**EXERCISE PROMPT**
Exactly the lines starting at the line containing "Dies ist ein" and ending at the line containing "廊下には卒業までのカウントダ" are to be written out from the listing below, both included.

**RECORDED DATA**
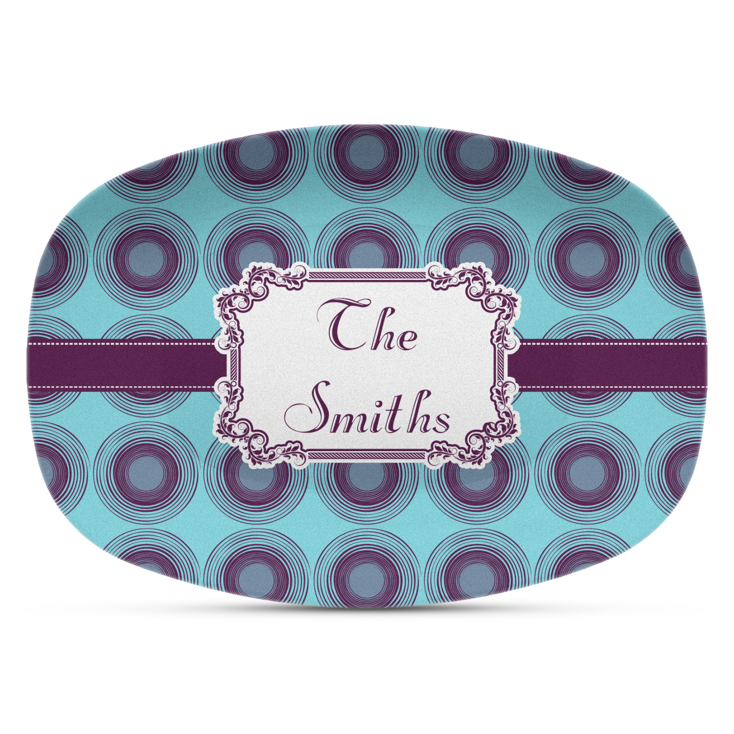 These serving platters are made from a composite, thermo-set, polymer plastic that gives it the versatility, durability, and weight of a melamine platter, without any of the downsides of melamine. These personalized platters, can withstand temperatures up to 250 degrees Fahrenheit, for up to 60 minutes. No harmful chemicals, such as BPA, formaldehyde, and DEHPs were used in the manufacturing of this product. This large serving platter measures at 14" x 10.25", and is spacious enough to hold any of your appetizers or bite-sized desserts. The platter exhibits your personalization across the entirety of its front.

==

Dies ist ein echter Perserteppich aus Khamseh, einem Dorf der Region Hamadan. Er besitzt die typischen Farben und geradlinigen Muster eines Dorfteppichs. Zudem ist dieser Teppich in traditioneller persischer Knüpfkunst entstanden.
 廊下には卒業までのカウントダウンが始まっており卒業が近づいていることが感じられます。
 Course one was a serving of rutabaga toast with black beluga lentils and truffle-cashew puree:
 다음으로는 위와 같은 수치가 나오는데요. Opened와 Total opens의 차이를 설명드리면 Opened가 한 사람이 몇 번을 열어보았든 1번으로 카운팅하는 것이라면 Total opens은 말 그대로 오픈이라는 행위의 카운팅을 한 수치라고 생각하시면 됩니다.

**EXERCISE RESPONSE**
Dies ist ein echter Perserteppich aus Khamseh, einem Dorf der Region Hamadan. Er besitzt die typischen Farben und geradlinigen Muster eines Dorfteppichs. Zudem ist dieser Teppich in traditioneller persischer Knüpfkunst entstanden.
 廊下には卒業までのカウントダウンが始まっており卒業が近づいていることが感じられます。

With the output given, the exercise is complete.